I absolutely adored and cherished playing Leah, it’s a diamond role. She’s wild, funny, reckless, fearless, hedonistic and very witty. She’s a brilliant foil to Jack’s character, Barnaby, and we had a lot of fun bringing their brother/sister relationship to life. Jack – along with Freddy Syborn who co-wrote the show – were so brilliantly available on set, adding improvisation ideas, or new lines as they occurred to them. I have a tendency to get the giggles, so it kept me on my toes!

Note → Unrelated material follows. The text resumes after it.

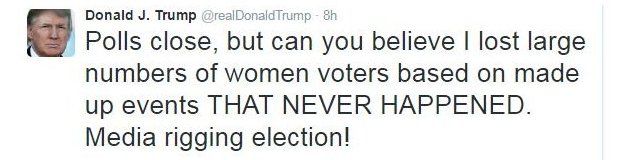 Hillary Clinton should have been prosecuted and should be in jail,” Trump tweeted Saturday. “Instead she is running for president in what looks like a rigged election.” If there were any question that he might be using the term “rigged” metaphorically, he cleared it up: “The election is absolutely being rigged by the dishonest and distorted media pushing Crooked Hillary — but also at many polling places — SAD.”

One of my first scenes was to be hiding, squeezed in the back of a teeny tiny G-Wiz car with Jack and Rosie Perez, whilst our characters scope out a massive country mansion, planning a heist. Bradley James had to run past through the undergrowth – twice, because he is playing twins. The scene itself sort of resulted in slapsies with Rosie, and then between takes Jack and Rosie were full of bonkers’ banter... I had so much trouble not laughing during that scene.

I have to say there were some amazing locations in Bounty Hunters, and our huge journey to unravel the case of the dodgy stolen antiquities. We filmed a Mexican cartel deal scene inside one of the pods on the London Eye. We only had two ‘flights’ round to get the scene in, and we could only fit about five people and the camera and sound in there. We spent longer in the queue for the Pod than actually inside it! Also, Jack attracted quite a lot of attention from the crowds, so the pressure was on. It was particularly funny being directed from the next pod, via a sort of list of charade movements. Fingers crossed it turned out OK!
I loved filming that show, and can’t wait to watch it. It starts October 25 on Sky One.

Q Peter Kosminsky cast you as Mary Boleyn in Wolf Hall, based upon Hilary Mantel’s multi award-winning books. Did you enjoy playing ‘the other Boleyn girl’?
A
It was a real honour to play Mary Boleyn opposite Mark Rylance (Cromwell) and Claire Foy (Anne Boleyn). My read of her from both Mantel’s writing and our adapted screen play is that she was such an enigmatic character, at once so joyful and care free, whilst so intensely aware of her threatened position at court.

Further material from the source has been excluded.